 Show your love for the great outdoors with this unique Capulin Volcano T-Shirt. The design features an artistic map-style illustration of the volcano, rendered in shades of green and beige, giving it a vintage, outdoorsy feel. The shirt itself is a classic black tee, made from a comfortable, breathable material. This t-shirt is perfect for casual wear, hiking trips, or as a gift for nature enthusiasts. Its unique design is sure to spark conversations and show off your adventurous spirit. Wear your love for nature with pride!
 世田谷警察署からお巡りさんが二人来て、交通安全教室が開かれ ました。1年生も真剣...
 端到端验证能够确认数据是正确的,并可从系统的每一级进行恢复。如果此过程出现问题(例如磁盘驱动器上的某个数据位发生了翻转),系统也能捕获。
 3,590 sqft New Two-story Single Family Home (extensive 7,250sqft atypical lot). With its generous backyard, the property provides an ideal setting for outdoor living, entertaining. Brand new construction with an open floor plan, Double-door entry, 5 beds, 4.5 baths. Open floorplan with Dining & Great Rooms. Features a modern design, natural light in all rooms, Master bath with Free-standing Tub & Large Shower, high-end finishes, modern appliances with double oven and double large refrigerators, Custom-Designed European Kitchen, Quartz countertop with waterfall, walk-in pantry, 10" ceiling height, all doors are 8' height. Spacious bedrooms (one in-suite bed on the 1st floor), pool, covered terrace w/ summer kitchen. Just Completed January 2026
· · · · · · ·
AIM OF THE EXERCISE:
Give back the full listing above verbatim.

ANSWER TO THIS EXERCISE:
 Show your love for the great outdoors with this unique Capulin Volcano T-Shirt. The design features an artistic map-style illustration of the volcano, rendered in shades of green and beige, giving it a vintage, outdoorsy feel. The shirt itself is a classic black tee, made from a comfortable, breathable material. This t-shirt is perfect for casual wear, hiking trips, or as a gift for nature enthusiasts. Its unique design is sure to spark conversations and show off your adventurous spirit. Wear your love for nature with pride!
 世田谷警察署からお巡りさんが二人来て、交通安全教室が開かれ ました。1年生も真剣...
 端到端验证能够确认数据是正确的,并可从系统的每一级进行恢复。如果此过程出现问题(例如磁盘驱动器上的某个数据位发生了翻转),系统也能捕获。
 3,590 sqft New Two-story Single Family Home (extensive 7,250sqft atypical lot). With its generous backyard, the property provides an ideal setting for outdoor living, entertaining. Brand new construction with an open floor plan, Double-door entry, 5 beds, 4.5 baths. Open floorplan with Dining & Great Rooms. Features a modern design, natural light in all rooms, Master bath with Free-standing Tub & Large Shower, high-end finishes, modern appliances with double oven and double large refrigerators, Custom-Designed European Kitchen, Quartz countertop with waterfall, walk-in pantry, 10" ceiling height, all doors are 8' height. Spacious bedrooms (one in-suite bed on the 1st floor), pool, covered terrace w/ summer kitchen. Just Completed January 2026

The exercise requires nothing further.